Yorkshire Water is changing how it supplies customers in a bid to meet the challenge of providing water for an extra one million people in the next 15 to 20 years.
The company plans to improve its infrastructure, transparency, and impact on the environment as part of a new strategy going forward.
Among the changes are plans to potentially use treated wastewater as opposed to drinking water in supplying manufacturers, greater water conservation and alternative infrastructure which makes better use of the natural environment.
Known as the ‘Not Just Water’ strategy, the Bradford-based firm consulted with some 18,000 customers about its future.
Liz Barber, director of finance, regulation and markets, said: “Speaking to business customers they want to understand consumption. “We want to work with them to use less water.
“That might seem like an odd thing to do because the more they use the more we bill. But in actual fact, one of the key strategic issues is that we are going to have up to one million more people in Yorkshire over the next 15 to 20 years and we don’t want to take anything more from the environment.
“And business customers inevitably want to use a lot more water than domestic customers. Yorkshire Water.
“So what I would expect them to expect from us from the wholesale relationship is much more proactive and to use water in their manufacturing processes in a different way.”
Ms Barber used the examples of two wastewater treatment plants in Leeds and in Hull which are based next to industrial sites that use water in their processing.
“We thought ‘why use pristine water from the environment and making it drinkable and then piping to industrial users who might be able to use treated wastewater?’.
“We are doing pilot schemes to see how this works “It will have an impact on their cost and mean we have got a much more resilient water supply for people who need clean water.
“We will look at the water cycle in a much more holistic way to improve service and reduce cost.”
“We are very proud of the clean-up in Yorkshire’s rivers, in particular the Don, the Rother and the Aire,” he said. “For the first time since the Industrial Revolution we are going to get migratory salmon back in those rivers which is just fantastic.
“But when we stand back and do our holistic environmental impact studies there has been a carbon cost to that. We have to be transparent about it because we have had to build more treatment works and use energy to treat the water to make it clean.
“So we need to look at ways in which we can improve the environment but not improve one part at the expense of the other. We need to think much more holistically and in a way that uses more natural capital.”

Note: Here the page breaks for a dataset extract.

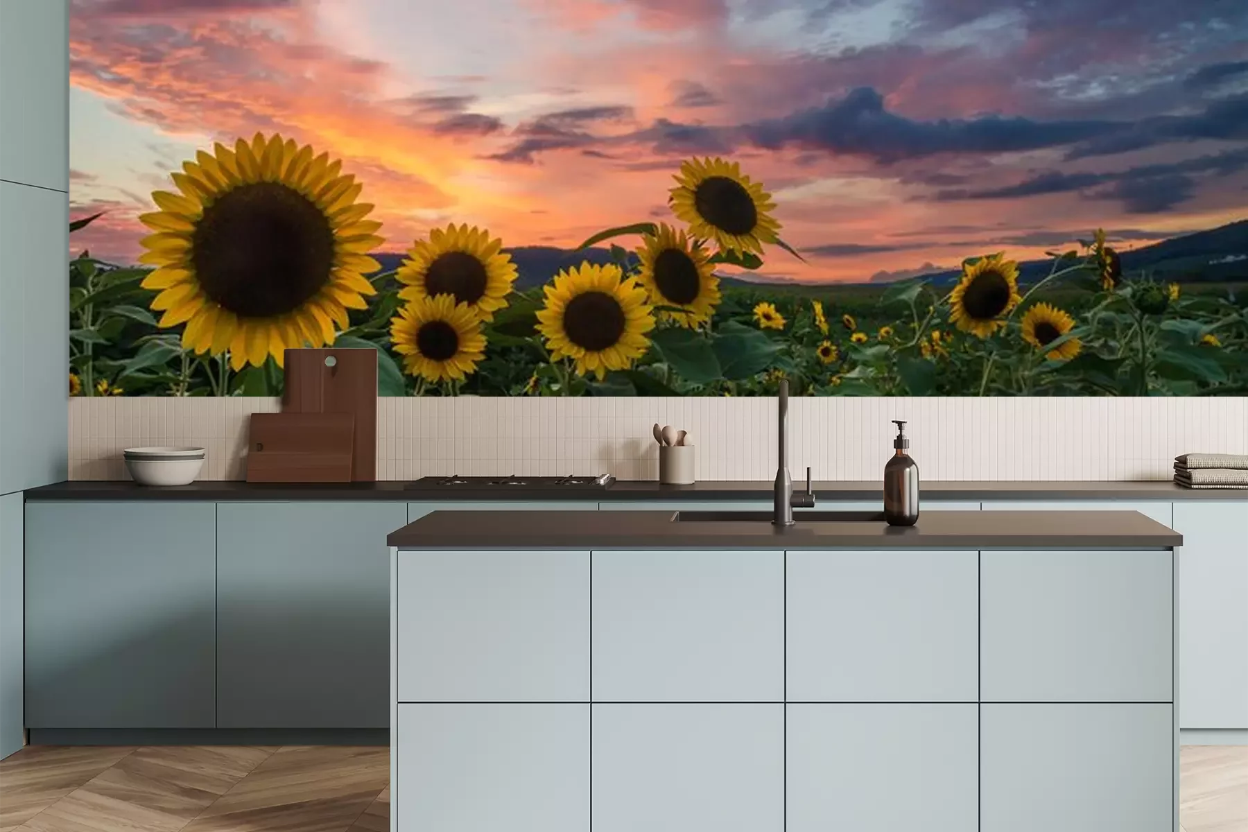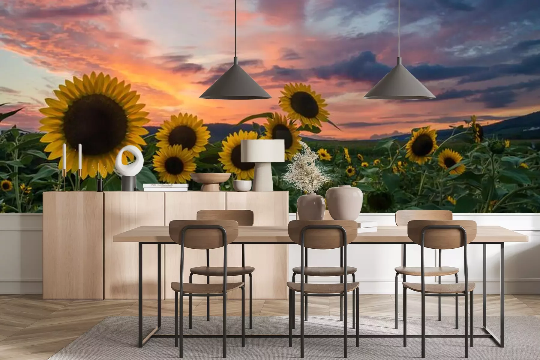 Fotobehang Zonnebloemen veld en ondergaande zon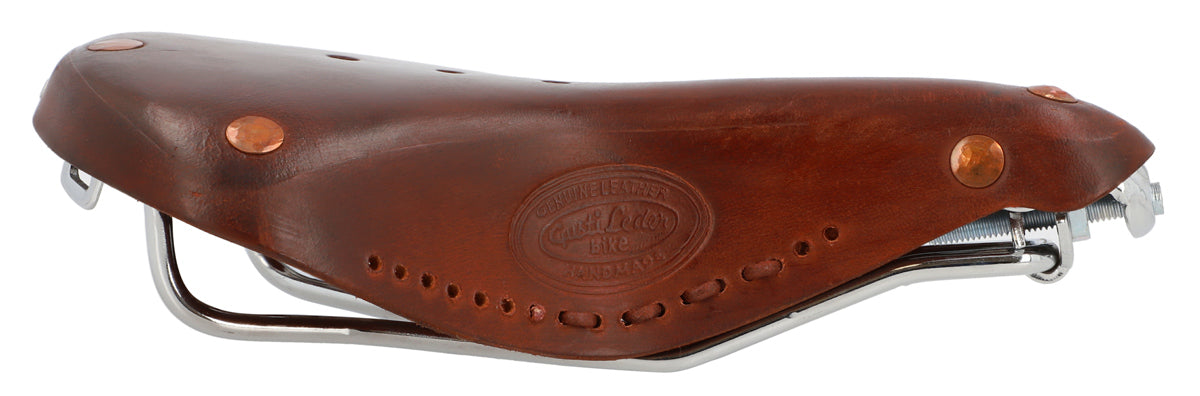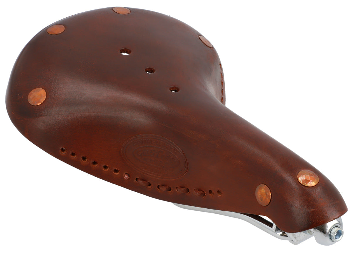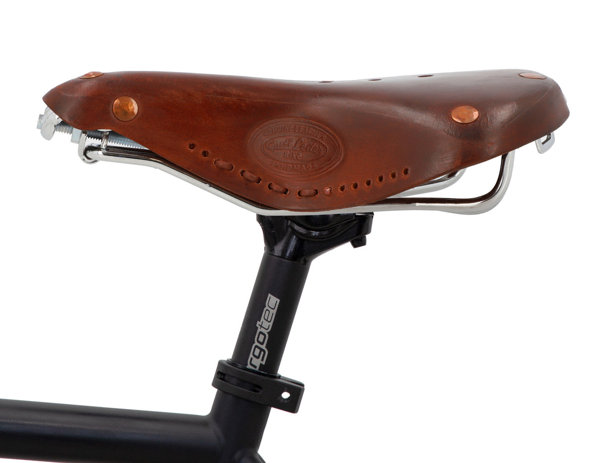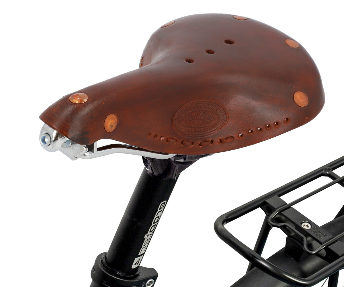 This robust buffalo leather saddle has rivets around the edge, so you can comfortably screw the saddle in and hit the road. “Angelo D.” has eyelets on the back so that you can attach a saddle bag and have even more freedom when you’re out on a bike ride.

The firm will also change the way it operates financially, promising to be more open and transparent with its customers.
This news comes after Yorkshire Water announced it would close its holding companies in the Cayman Islands last year after facing criticism over the level of corporation tax it pays.
“In terms of the national debate around financing and offshore structures, we were the first to say we will remove our Cayman registered companies,” said Ms Barber. “They were nothing to do with tax but the perception was not positive.
“So it was time to get rid of them, it was a complex thing to do but we got on with it.”